What is being asked: Beneath this line sits some data. Return only its lines from the one holding "Každý den přicházíte" through the one holding "萬(wàn)噸;凈出口鋼材169 萬(wàn)噸,同比增長(zhǎng)2.02 倍,環(huán)比增加24", inclusive, exactly, with the images removed.

-------- Source information --------

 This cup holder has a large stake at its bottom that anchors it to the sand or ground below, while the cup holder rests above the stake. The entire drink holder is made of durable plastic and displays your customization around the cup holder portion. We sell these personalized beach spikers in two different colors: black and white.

--------
-------- Source information --------

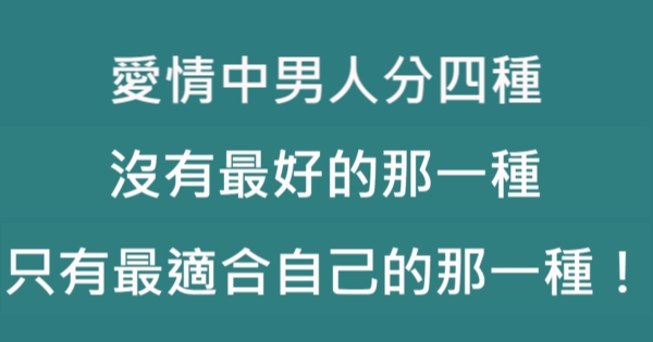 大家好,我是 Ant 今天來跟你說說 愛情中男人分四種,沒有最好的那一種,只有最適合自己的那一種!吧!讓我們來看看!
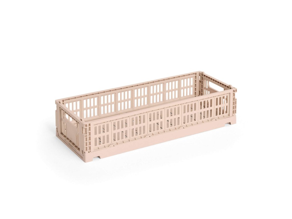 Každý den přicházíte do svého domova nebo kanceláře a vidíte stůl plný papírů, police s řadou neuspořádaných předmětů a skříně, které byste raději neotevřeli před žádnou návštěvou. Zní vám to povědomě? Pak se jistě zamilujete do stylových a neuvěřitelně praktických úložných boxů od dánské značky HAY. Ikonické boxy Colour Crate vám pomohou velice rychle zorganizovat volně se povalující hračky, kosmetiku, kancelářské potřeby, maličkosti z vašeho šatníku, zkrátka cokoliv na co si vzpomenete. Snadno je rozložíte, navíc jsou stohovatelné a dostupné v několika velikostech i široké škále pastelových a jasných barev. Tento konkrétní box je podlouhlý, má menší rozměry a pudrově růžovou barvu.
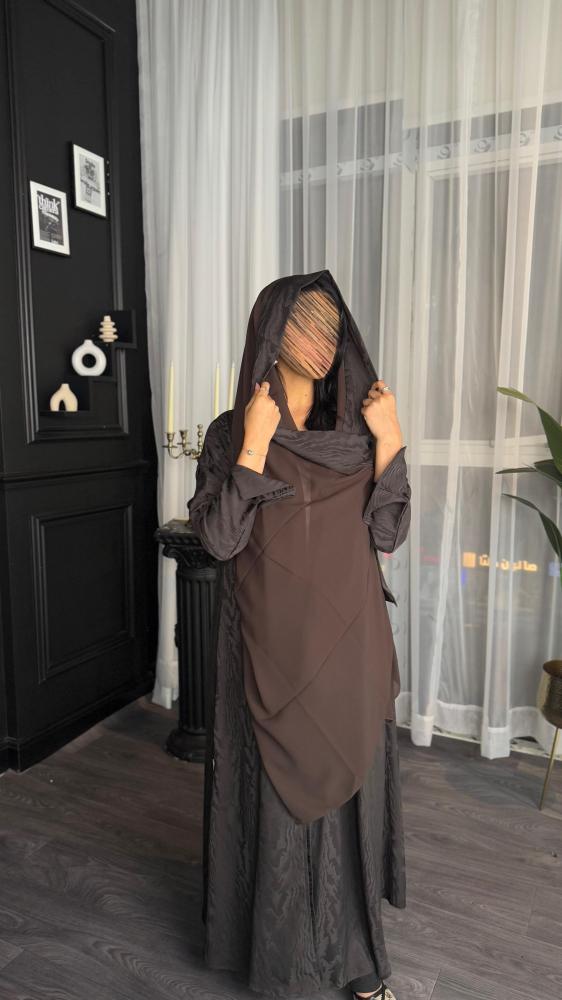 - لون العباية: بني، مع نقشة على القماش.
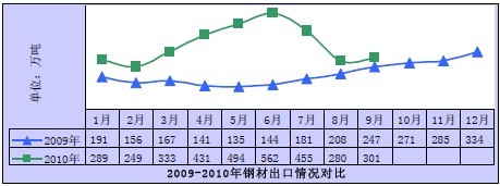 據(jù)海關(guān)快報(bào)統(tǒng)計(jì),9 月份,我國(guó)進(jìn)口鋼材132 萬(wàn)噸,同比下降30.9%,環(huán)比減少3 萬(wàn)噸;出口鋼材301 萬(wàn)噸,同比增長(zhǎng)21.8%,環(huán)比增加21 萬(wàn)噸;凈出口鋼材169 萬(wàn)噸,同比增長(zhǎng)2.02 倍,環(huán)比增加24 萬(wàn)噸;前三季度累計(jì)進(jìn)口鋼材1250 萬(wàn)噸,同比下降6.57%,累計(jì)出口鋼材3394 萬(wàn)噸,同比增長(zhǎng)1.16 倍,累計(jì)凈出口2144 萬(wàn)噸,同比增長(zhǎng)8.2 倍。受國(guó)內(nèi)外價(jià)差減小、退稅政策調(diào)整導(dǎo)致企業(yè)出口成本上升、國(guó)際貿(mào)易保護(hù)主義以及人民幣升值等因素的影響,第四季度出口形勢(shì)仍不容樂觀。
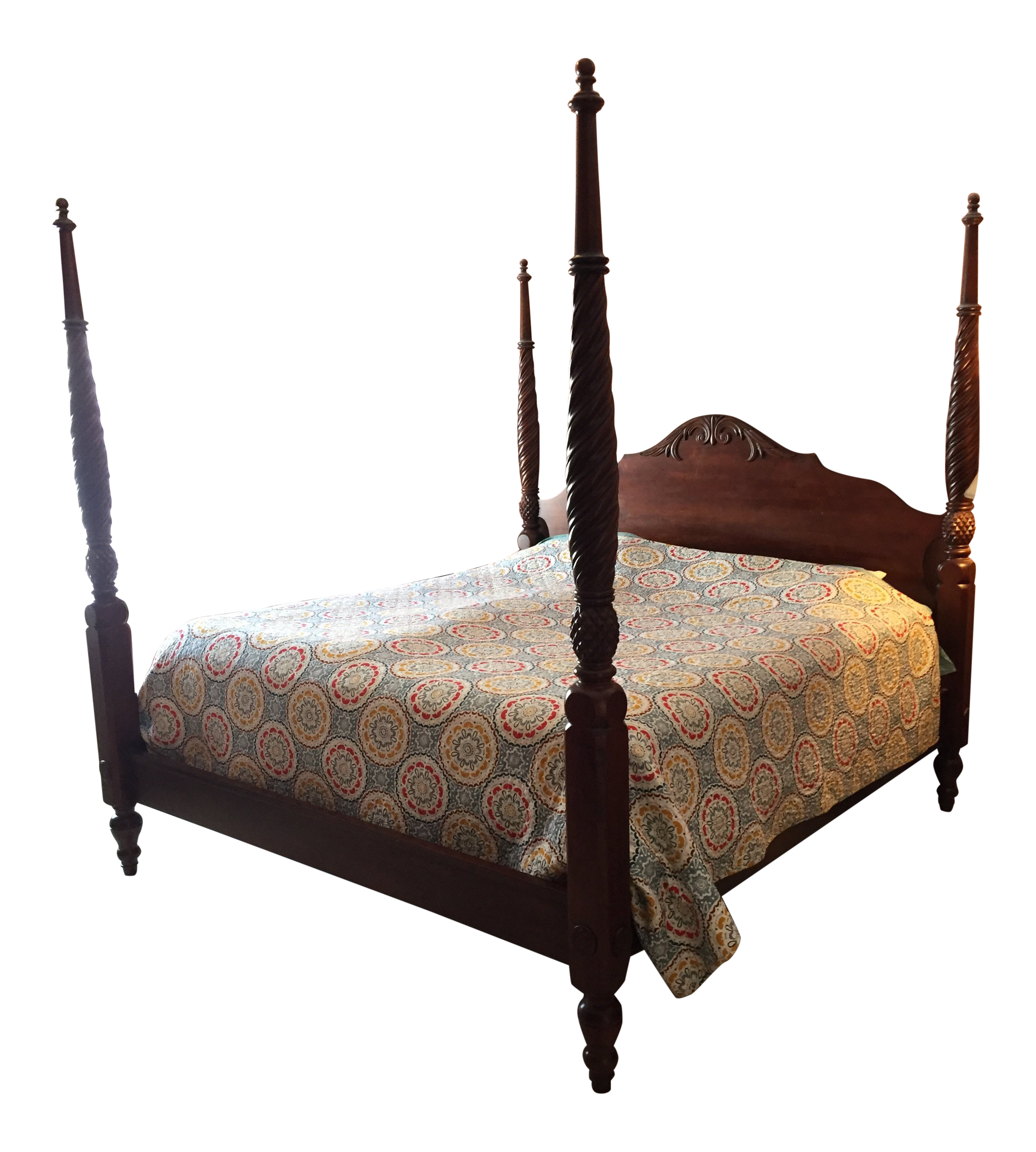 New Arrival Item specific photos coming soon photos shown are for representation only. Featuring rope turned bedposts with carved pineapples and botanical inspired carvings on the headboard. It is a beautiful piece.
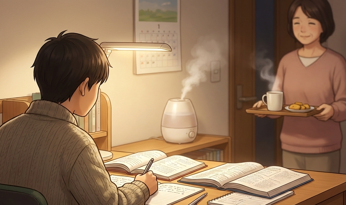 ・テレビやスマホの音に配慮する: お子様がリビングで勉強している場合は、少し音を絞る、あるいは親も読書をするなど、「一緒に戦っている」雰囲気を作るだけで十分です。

--------

Response below:
 Každý den přicházíte do svého domova nebo kanceláře a vidíte stůl plný papírů, police s řadou neuspořádaných předmětů a skříně, které byste raději neotevřeli před žádnou návštěvou. Zní vám to povědomě? Pak se jistě zamilujete do stylových a neuvěřitelně praktických úložných boxů od dánské značky HAY. Ikonické boxy Colour Crate vám pomohou velice rychle zorganizovat volně se povalující hračky, kosmetiku, kancelářské potřeby, maličkosti z vašeho šatníku, zkrátka cokoliv na co si vzpomenete. Snadno je rozložíte, navíc jsou stohovatelné a dostupné v několika velikostech i široké škále pastelových a jasných barev. Tento konkrétní box je podlouhlý, má menší rozměry a pudrově růžovou barvu.
 - لون العباية: بني، مع نقشة على القماش.
 據(jù)海關(guān)快報(bào)統(tǒng)計(jì),9 月份,我國(guó)進(jìn)口鋼材132 萬(wàn)噸,同比下降30.9%,環(huán)比減少3 萬(wàn)噸;出口鋼材301 萬(wàn)噸,同比增長(zhǎng)21.8%,環(huán)比增加21 萬(wàn)噸;凈出口鋼材169 萬(wàn)噸,同比增長(zhǎng)2.02 倍,環(huán)比增加24 萬(wàn)噸;前三季度累計(jì)進(jìn)口鋼材1250 萬(wàn)噸,同比下降6.57%,累計(jì)出口鋼材3394 萬(wàn)噸,同比增長(zhǎng)1.16 倍,累計(jì)凈出口2144 萬(wàn)噸,同比增長(zhǎng)8.2 倍。受國(guó)內(nèi)外價(jià)差減小、退稅政策調(diào)整導(dǎo)致企業(yè)出口成本上升、國(guó)際貿(mào)易保護(hù)主義以及人民幣升值等因素的影響,第四季度出口形勢(shì)仍不容樂觀。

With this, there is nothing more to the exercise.